Change 989098 had a related patch set uploaded (by Santiago Faci; author: Santiago Faci):

[operations/deployment-charts@master] Deploying to staging to test the fix with production data

https://gerrit.wikimedia.org/r/989098

Change 989098 merged by jenkins-bot:

[operations/deployment-charts@master] Deploying to staging to test the fix with production data

https://gerrit.wikimedia.org/r/989098

After pushing a new fix and testing it in the staging environment (where we have access to the production data), we are getting the following results:

  • 124714 for 'content' pages (without considering 'redirect' ones) (124 918 shown in the Statistics page for 'Satura lapas'). This is what we fixed with the previous patch. The current value keeps being the right one.
  • 503747 for 'all-page-types' pages which I think is what you mean when you say just 'pages' (504 410 is shown in the Statistic page for 'Lapas'). In this case, after the last patch, we are already considering 'redirect' cases for this count. This is what we are trying to fix right now and it seems to work fine.
  • 225637 for 'non-content' pages (which coincides with the results than Dan got from Druid directly). In this case 'redirect' cases are also considered. This number keeps being the right one

So it seems results are working fine at this moment. Any concern about the current results? Just in case we are missing something.

I reviewed the data available to me and realised that I had previously misread some results. The data on Wiki Stats is indeed correct. Thank you, Sfaci!

Do you mean we don't need the last patch?

Which should be the right value for the total number of pages? I'm not sure if I'm understanding well. You said that wikistats was wrong because it's showing 337k and it should show around 500k (the same value that lv.wikipedia shows as "Lapas"). Could you confirm that?

Yeah, I thought that wikistats was wrong, because it said that there were around 300k pages instead of around 500k, but then I noticed that the description of that statistic states: "The running count of all pages created, excluding pages being redirects". So I assume that that's the reason for the difference.

So I, as a user, don't see the need for any additional fixes.

You are right! Statistics page in every wiki includes redirects when showing "Lapas" results but wikistats shouldn't do that in any case. Ok!, because the second patch was not deployed to production, everything is already done here and we can consider the initial bug as solved.

Thank you very much!

After discarding the last issue I have redeployed again the previous version in the staging environment. The original bug is solved and the service working fine in both environments (staging and production)

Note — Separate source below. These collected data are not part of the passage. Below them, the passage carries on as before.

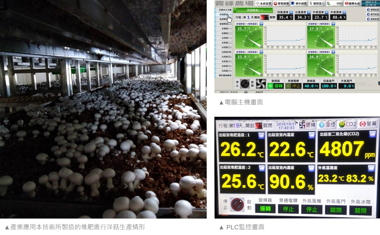 為改善傳統洋菇產業堆肥的製作發酵模式耗工、耗能、產量低、品質參差不齊的問題,行政院農業委員會農業試驗所研發多階段均溫製程智慧化韌體系統,對供氣及循環系統整合環境感測及監控元件,利用比例微積分(PID)模組技術,結合菇類堆肥室內發酵技術,降低空氣污染、提高堆肥品質、縮短製作時間與穩定產量,讓洋菇堆肥發酵製程獲得精準的智慧化控制,將所製造的優質堆肥使用於業者場域,實施全年穩定化的洋菇生產。
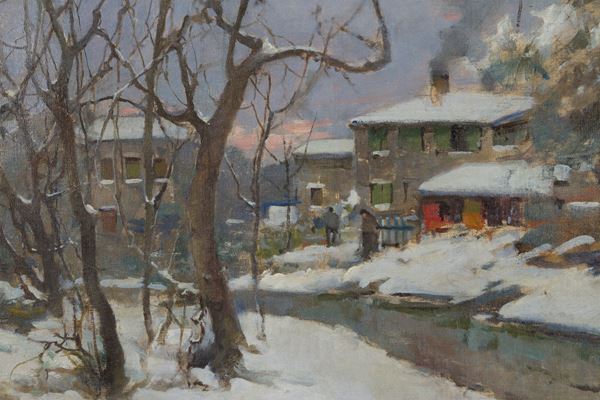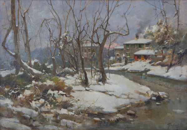 Oil painting on canvas depicting "SNOWY LANDSCAPE". Signed lower right. In a gilded wooden frame.
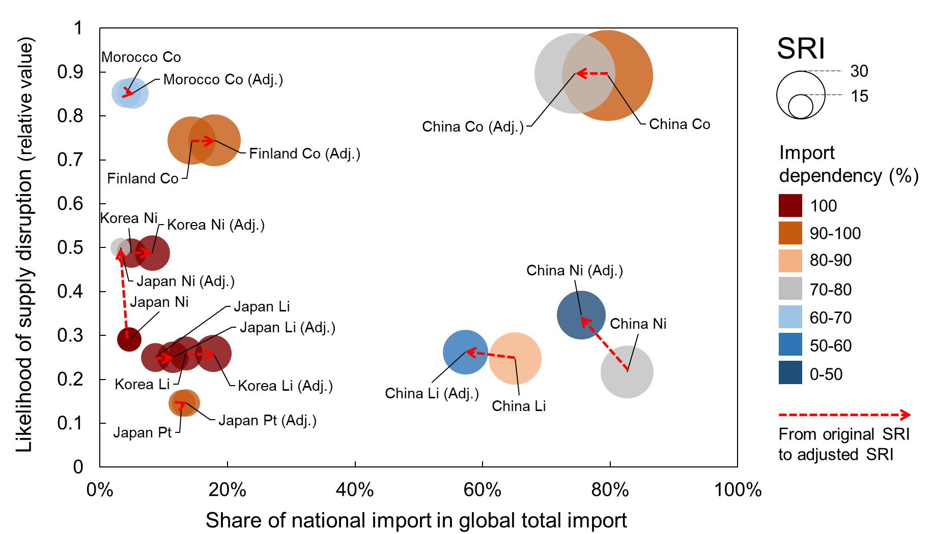 研究团队首先对交通低碳化相关的四类关键材料(锂、钴、镍、铂)建立了一个企业尺度高分辨率的全球矿冶生产控制数据库,全面厘清了矿山地理分布、运作管理和控股企业的控制力层级结构以及相关公司的国家隶属关系。团队进一步基于物质流分析的方法追踪了2019年在全球240个国家和地区中四种材料的全球生产和贸易网络,涵盖了矿冶和精炼两个材料代谢阶段。团队从地理分布和企业投资控制两个维度对关键材料的全球生产和贸易分布进行了二次刻画,并进一步提出了“地理-企业”双视角耦合的供应风险指数(SRI)这一原创方法,同时考虑进口依赖度、供给集中度、生产者稳定度等多维度影响因素,全面量化了全球各国面临的关键材料供应风险以及外国直接投资在风险缓解中的潜在作用。
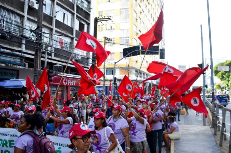 MST women joined social movements and entities in a public act of the 8M in Recife/PE. Photo: Bianka Eduarda and Rebeca Martins

Change 990595 had a related patch set uploaded (by Santiago Faci; author: Santiago Faci):

[generated-data-platform/aqs/edit-analytics@main] Changing an integration test case according to the last issue we fixed

https://gerrit.wikimedia.org/r/990595

Change 990595 merged by jenkins-bot:

[generated-data-platform/aqs/edit-analytics@main] Changing an integration test case according to the last issue we fixed

https://gerrit.wikimedia.org/r/990595